Ya no manejo los hilos, ya no cuento cada una de las historias que me mantenían atado a la reja de tus sueños. Allí, pétrea mi figura de sombrero de ala ancha, hombros desgarbados y sonrisa a medio hacer. Allí, con mis manos apretando tu olor a vainilla y el rubor de la miel avanzando por mi entrepierna, dejándome tan exhausto. Tan lejos ya del aliento que rondaba mi cuello cada vez que tus brazos me paraban en seco. Tu pelo blanco de harina, mi pecho oxidado de tanto latir a fuego lento.
Ya no recuerdo aquella receta que nos susurrábamos al oído, el azúcar entre los dientes y aquel bocado que siempre me dejaba fuera de juego. Ya no consigo hurgar entre mis bolsillos tu imagen de gran seductor. Tu escápula, alada junto a la mía y esa sombra sangrando a mi alrededor. Allí, marcado el ritmo de tus pasos rozando mi garganta seca de tanto esperar tu siguiente movimiento de peón.
Ya no invento el calor de cada una de nuestras miradas garabateando el mejor rincón para los dos. Uno frente al otro, con el horno a nuestras espaldas y el falso silencio de aquella pequeña habitación. Desnudos de tanta rabia contenida, de tantas horas perdidas, de tanto amarnos a oscuras con el carbón entre las piernas y la puerta encajada por precaución.
Ya no leo a escondidas las hojas secas que con un “te quiero hasta morir” horneabas dentro de la hogaza más pequeña, aquella dedicada solo a mí. Y ahora las telarañas de estos ojos fundidos en el negro de mis ochenta y un años o más, no me dejan ver toda aquella vergüenza que sentíamos por compartir la miga de pan que encajaba entre tu corazón y el mío. Ahora este late más despacio, ritmo acompasado con el resto de mis días nublados, ya sin ti.
Vuelvo y vuelvo, y arrastro mis pies hasta estas ruinas que ocultaron esa manía nuestra de querernos entre las cenizas de nuestro campo de batalla, obrador de tantas mentiras, su jodido obrador… Y arrastro cada recuerdo y miro, miro a lo lejos maldiciendo la figura de tu padre escupiendo al cielo aquel ¡maricón! Con tanta fuerza… A lo lejos ya no nos puede golpear, ya no. Las piedras del camino siempre las recojo por lo que pueda pasar. Ya no…

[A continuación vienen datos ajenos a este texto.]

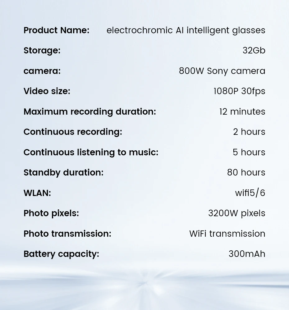AI Smart Glasses 800W HD Camera 32 Million Interpolation Real-Time Translation AI Voice Assistant LED Flashlight Music

Sin ti, el surco de mis arrugas sigue mostrándome el camino, ese fundido en negro como el tinte de mi dolor. Los ojos ya cerrados, carca ya mi sonrisa. Deja que te lo repita una y otra vez: “búscame cuando yo aparezca, cuando llegue al borde de tu estación”, porque una y otra vez seguiré siendo aquel muchacho enjuto que te espiaba nervioso cuando amasabas el pan o colocabas tus pequeñas galletas de canela sobre el mostrador. Aún esa fantasía de besarte cuando todavía contabas con un trocito de jengibre en tu boca. Morder así tus labios y echar a correr en otra dirección. Tú, tan serio y sexy, afanado en dar ese último toque magistral a tus pequeñas obras maestras. El resto de las semillas surcando tus caderas arqueadas, esperando mi decisión de regalarte un campo entero de amapolas.
Yo aquí, presente entre tanto recuerdo con alas de colibrí. Y vuelo, ahora vuelo en círculos viciosos, relegado a suspirar cualquier pasado que fuera mejor. Siempre alerta por si te veo aparecer y puedo arrancarme de una vez, uno a uno, estos malditos hilos que siguen pendientes de ti. Y es que te echo tanto de menos… Por favor, búscame.